A Python library and command-line tool for expressing directory structures and file contents in formats suitable for Large Language Models (LLMs). It combines directory tree visualization with file contents in a memory-efficient, streaming format.

2.0.0
PyPI
Maintainers
1

dir2text

A Python library and command-line tool for expressing directory structures and file contents in formats suitable for Large Language Models (LLMs). It combines directory tree visualization with file contents in a memory-efficient, streaming format.

Features

  • Tree-style directory structure visualization
  • Complete file contents with proper escaping
  • Memory-efficient streaming processing
  • Multiple output formats (XML, JSON)
  • Easy extensibility for new formats
  • Support for exclusion patterns (e.g., .gitignore rules)
  • Proper symbolic link handling and loop detection
  • Optional token counting for LLM context management
  • Summary reporting with configurable output destination
  • Safe handling of large files and directories

Installation

This project uses Poetry for dependency management. We recommend using Poetry for the best development experience, but we also provide traditional pip installation.
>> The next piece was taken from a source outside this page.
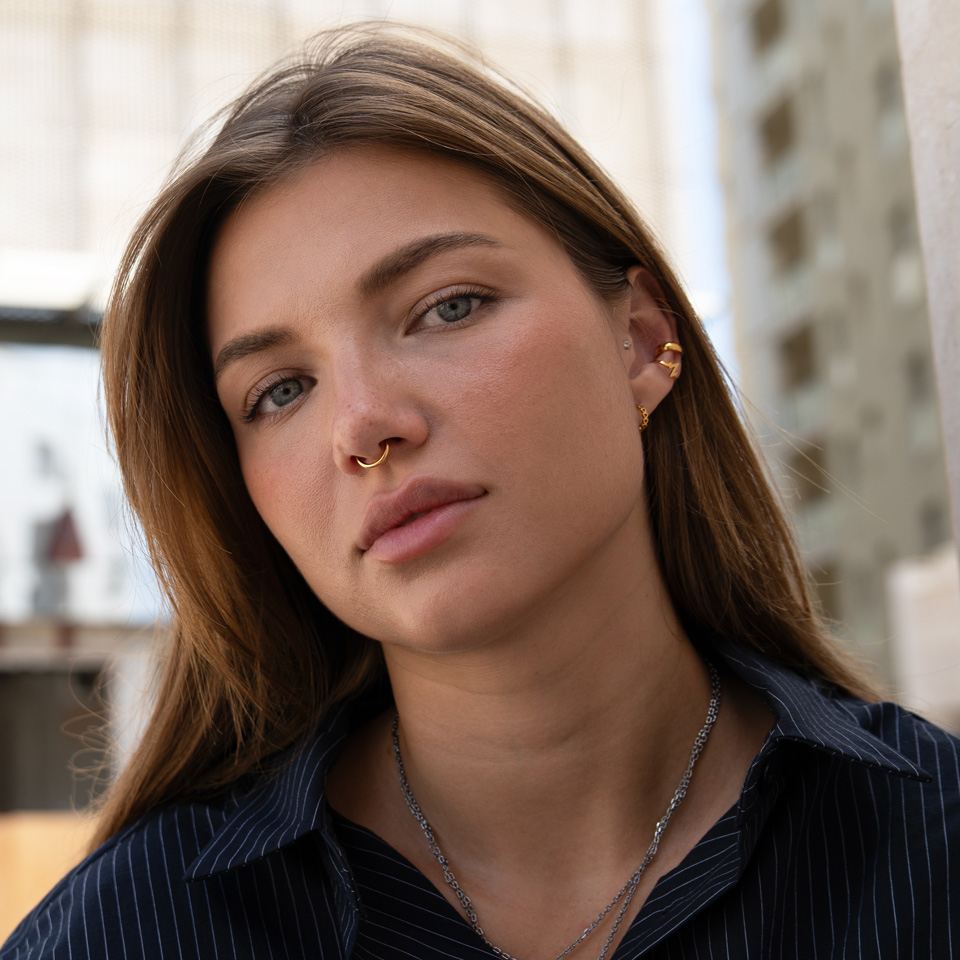 Denne alsidige ring fås i et komplet udvalg af størrelser, så du kan helt sikkert finde det helt perfekte fit til de fleste piercinger, f.eks.:

  • First, install Poetry if you haven't already.
  • Install dir2text:
    poetry add dir2text
    

Using pip

pip install dir2text

Optional Features

Install with token counting support (for LLM context management):

# With Poetry
poetry add "dir2text[token_counting]"

# With pip
pip install "dir2text[token_counting]"

Note: The token_counting feature requires the tiktoken package, which needs a Rust compiler (e.g., rustc) and Cargo to be available during installation.

Usage

Command Line Interface

Basic usage:

dir2text /path/to/project

# Show version information
dir2text --version

# Exclude files matching patterns from one or more exclusion files
dir2text -e .gitignore /path/to/project
dir2text -e .gitignore -e .npmignore -e custom-ignore /path/to/project

# Exclude files with direct patterns
dir2text -i "*.pyc" -i "node_modules/" /path/to/project

# Enable token counting for LLM context management
dir2text -t gpt-4 /path/to/project

# Generate JSON output and save to file
dir2text -f json -o output.json /path/to/project

# Follow symbolic links
dir2text -L /path/to/project

# Skip tree or content sections
dir2text -T /path/to/project     # Skip tree visualization
dir2text -C /path/to/project     # Skip file contents

By default, symbolic links are represented as symlinks without following them:

dir2text /path/to/project

This shows symlinks clearly marked with their targets in the tree output, and as separate elements in content output.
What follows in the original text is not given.